EU’s Borrell condemns ‘awful dictatorship’ in Afghanistan, calls attention to ‘gender apartheid’

Speaking at an event in Brussels, Josep Borrell, the High Representative of the European Union for Foreign Affairs and Security Policy, labeled the rule of the Taliban in Afghanistan as an “awful dictatorship” and highlighted the existence of “gender apartheid” in the country.

Borrell expressed concern that Afghanistan has seemingly disappeared from media coverage, emphasizing the prevalence of gender-based discrimination under the Taliban’s rule. He specifically referred to the situation as “gender apartheid,” noting that women and girls are being deprived of access to education, and the country is under the control of what he termed an “awful dictatorship.”

“In Afghanistan, you have a gender apartheid. Woman and girls are deprived from going to the schools, and an awful dictatorship is ruling the country,” Borrell stated during the event in Brussels.

For over two years, women and girls in Afghanistan have faced stringent restrictions imposed by the Taliban, affecting their education, employment opportunities, and subjecting them to social constraints.

Despite suppression of street protests, Afghan women opposed to Taliban policies continue to voice their dissent in small, indoor gatherings. During a recent protest, a group of girls lamented the removal of their identity by the Taliban, detailing their deprivation of basic rights and mental torture.

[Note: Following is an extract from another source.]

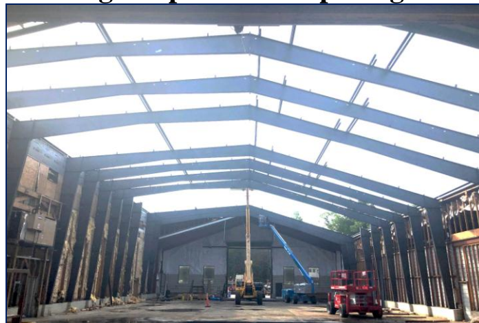
In progress view of storage building #6 construction

CL Construction (members on A-dock) are busy assembling the new steel storage building that is replacing the back half of building #6, a 12,500 sq. ft. section. It has taken a couple of years of back-n-forth with our insurance company before we could come to an acceptable solution, but in just a month or so, our new and improved winter storage building will be ready for heated storage for you boat! Besides the structural and long term benefits of the engineered steel building, there will be more head room and better lighting and natural light. Interestingly, CL Construction was on the scene back in 1958 and 1959 when the original wood building was built (Grandfather Lamar was the builder at that time) and the same Lamar family have built all of our storage buildings in Macatawa.

According to reports, at least four women’s rights activists—Zhulia Parsi, Neda Parwani, Manijha Sediqi, and Parisa Azada—are currently held in Taliban prisons. Their status and fate remain unclear. The latest Human Rights Watch report indicates that additional unnamed women’s rights activists and directors of underground schools are also in Taliban custody.

Farida Mohib, a women’s rights activist, called on the international community to stand by Afghan women in danger, urging pressure on the Taliban for the immediate release of detained girls.

The Taliban faces accusations of widespread human rights violations, particularly against women and girls. Independent institutions report not only violations of women’s rights but also the detention, mistreatment, and threats against protesting women, a stance consistently denied by the Taliban.